Sunderland made an impressive Premiership comeback by finishing seventh and just missing out on a UEFA Cup place, in part due to 30 goals from prolific striker Kevin Phillips.

Watford went down in bottom place with a record Premiership low of 24 points. Sheffield Wednesday were next to go down. On the last day of the season, Wimbledon lost 2–0 at Southampton and Bradford City achieved a shock 1–0 home win over Liverpool thanks to a goal by David Wetherall. This meant that Bradford had survived the drop and Liverpool had surrendered a UEFA Champions League place to Leeds United. It also meant that Wimbledon's 14-year spell in the top flight was over and they were relegated to Division One 12 years to the day that they had beaten Liverpool to achieve a shock FA Cup triumph.

===Division One===
The three promotion places in Division One went to league champions Charlton Athletic, runners-up Manchester City and playoff champions Ipswich Town.

1999–2000 also saw some of Division One's biggest clubs miss out on promotion—the biggest of these were Blackburn Rovers (11th) and Nottingham Forest (14th). Steve Coppell ended his fourth spell as Crystal Palace manager after doing wonders to keep a virtually bankrupt club clear of the Division One relegation zone.

Going down were Walsall, Port Vale and Swindon Town. West Bromwich Albion just missed out on the drop zone thanks to a late turn-around in form during the final weeks of the season which followed the appointment of Gary Megson as manager.

===Division Two===
David Moyes, 37, showed promise as one of the league's most highly rated young managers after he guided Preston North End to the Division Two championship. Stan Ternent's two-year rebuilding project at Burnley paid off as they finished runners-up in the division. Joining them in Division One were Peter Taylor's Gillingham, who had reached the upper half of the league for the first time in their history.

Going down were Cardiff City, Blackpool, Scunthorpe United and Chesterfield. Narrowly avoiding the drop were Oxford United, who struggled all season long despite the club's financial crisis being eased by the arrival of new Tanzanian chairman Firoz Kassam.

===Division Three===
Swansea City, Rotherham United, Northampton Town and Peterborough United occupied the four promotion places in Division Three.

Chester City were relegated on the last day of the season, ending their 69-year league career, while Shrewsbury Town and Carlisle United saved themselves from Conference football.

===FA Cup===
Chelsea beat Aston Villa 1–0 in the last FA Cup final at Wembley before its redevelopment. The competition was played despite the absence of holders Manchester United due to FIFA Club World Championship commitments.
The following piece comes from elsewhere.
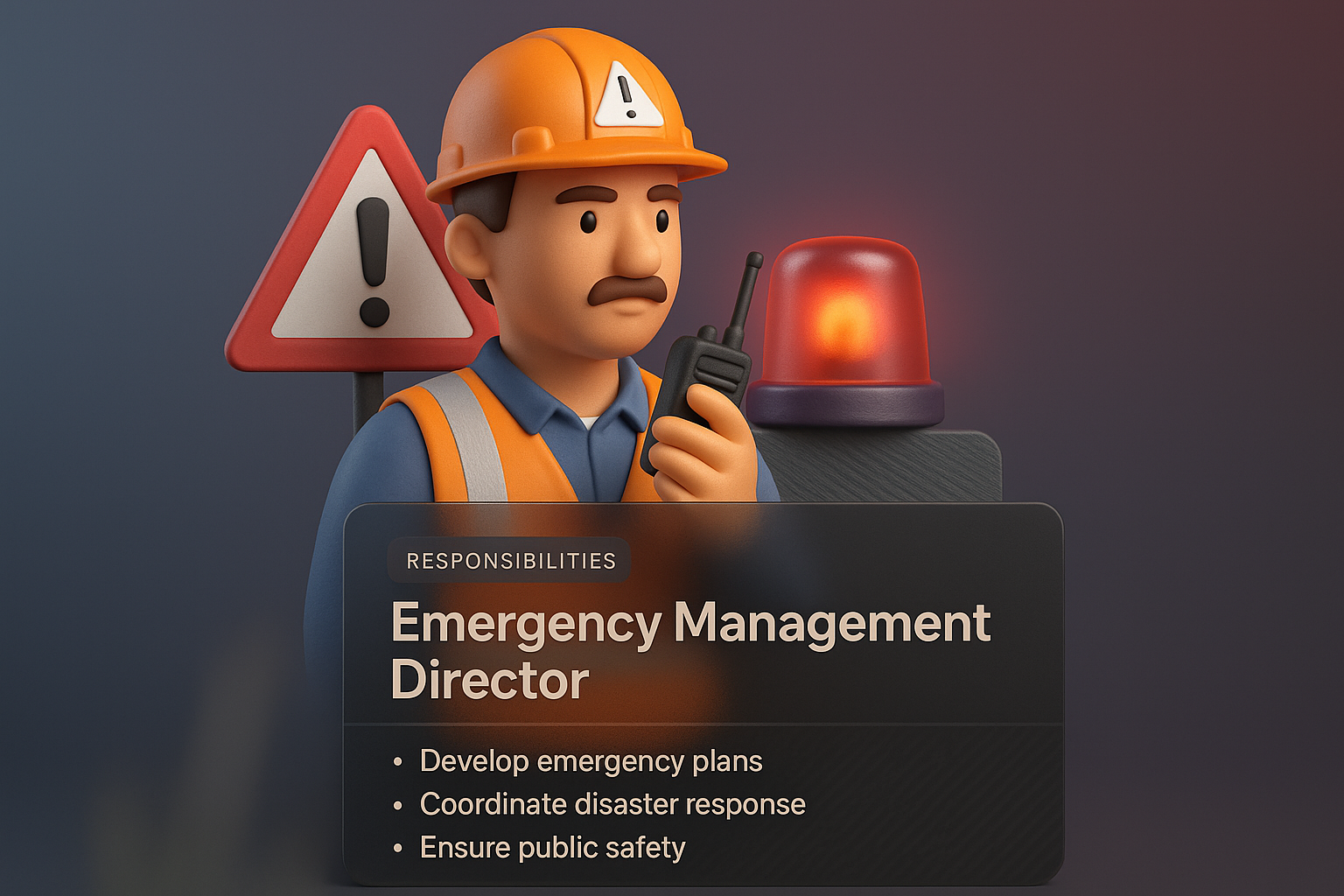 /Collection: /by davooda/Type: PNG/A 3D illustration featuring an Emergency Management Director with safety gear, a radio, and warning signs. The design includes a dark overlay for text highlighting key responsibilities.

Their absence meant that in the 3rd round of the competition, there was an uneven number of teams, and so Darlington were picked out of a hat of "lucky losers" and played against Aston Villa despite having lost in the 2nd round of the competition. Villa beat them 2–1.

In a one-off season, most FA Cup rounds were played a few weeks earlier than their traditional dates. For example, the first round was played in late October (rather than mid-November) and the third round was held on the second Saturday in December (instead of its annual place at the start of the new year). The experiment has not been repeated since.

===League Cup===
Leicester City beat Tranmere Rovers 2–1 to yield their second League Cup in four seasons.

==Events==

===United retain their title===

Manchester United retained their Premiership title after losing just three league games all season and finishing 18 points ahead of runners-up Arsenal. Roy Keane was voted Player of the Year by both the PFA and FWA and Dwight Yorke finished as the club's top scorer with 20 Premiership goals. United lost their defence of the European Cup after losing to eventual winners Real Madrid in the quarter-finals. Along the way they suffered an embarrassing 5–0 domestic loss to Chelsea, the biggest ever defeat for a British team defending the European Cup.
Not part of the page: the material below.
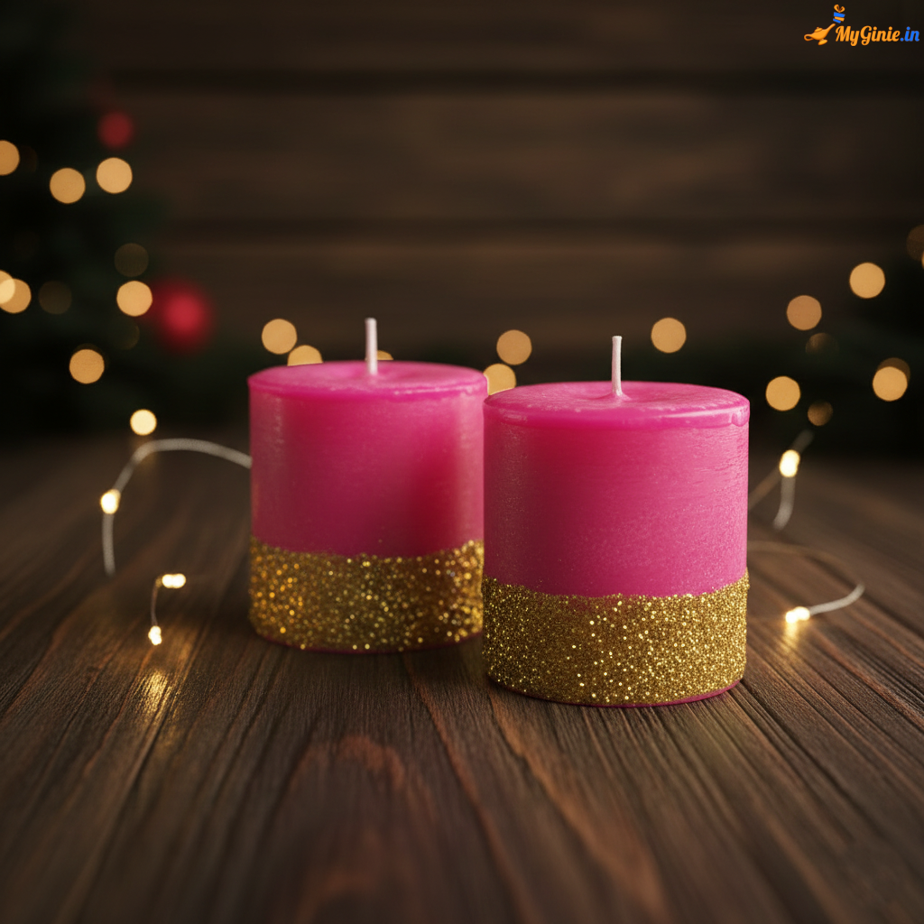 Scented Pure Wax Pillar Candles, Highly Fragranced (Rose),Pack of 2 Scented Pillar Candles

===Chelsea triumph in Wembley finale===

Chelsea beat Aston Villa 1–0 in the last FA Cup final at Wembley before the stadium was closed for reconstruction. Robert di Matteo, who had scored in the 1997 final, scored the only goal of the 2000 final to give Chelsea their third FA Cup triumph and end Villa's hopes of winning the trophy for the first time since 1957.

===O'Neill lured to Celtic===

Martin O'Neill guided Leicester City to their second League Cup triumph in four seasons before moving north of the border to Celtic, whose 'dream team' partnership of Director of Football Kenny Dalglish and Head Coach John Barnes had ended a nightmare as they finished 21 points behind champions Rangers in the SPL title race and had suffered a shock SFA Cup exit at the hands of Inverness Caledonian Thistle, which had inspired The Sun newspaper headline: "Super Caley Go Ballistic, Celtic Are Atrocious".

===England blow it at Euro 2000===

England overcame Scotland in the qualification playoffs to qualify for Euro 2000, and beat Germany in the group stages. But they surrendered a two-goal lead to lose 3–2 to Portugal and lost by the same scoreline to Romania, and thus failed to reach the quarter-finals. This dismal showing saw continued calls for the F.A. to terminate Kevin Keegan's contract.

===Veteran Robson takes over on Tyneside===

Bobby Robson, 66, became the oldest manager ever to take charge of a Premiership club when he succeeded 37-year-old Ruud Gullit as manager of Newcastle United.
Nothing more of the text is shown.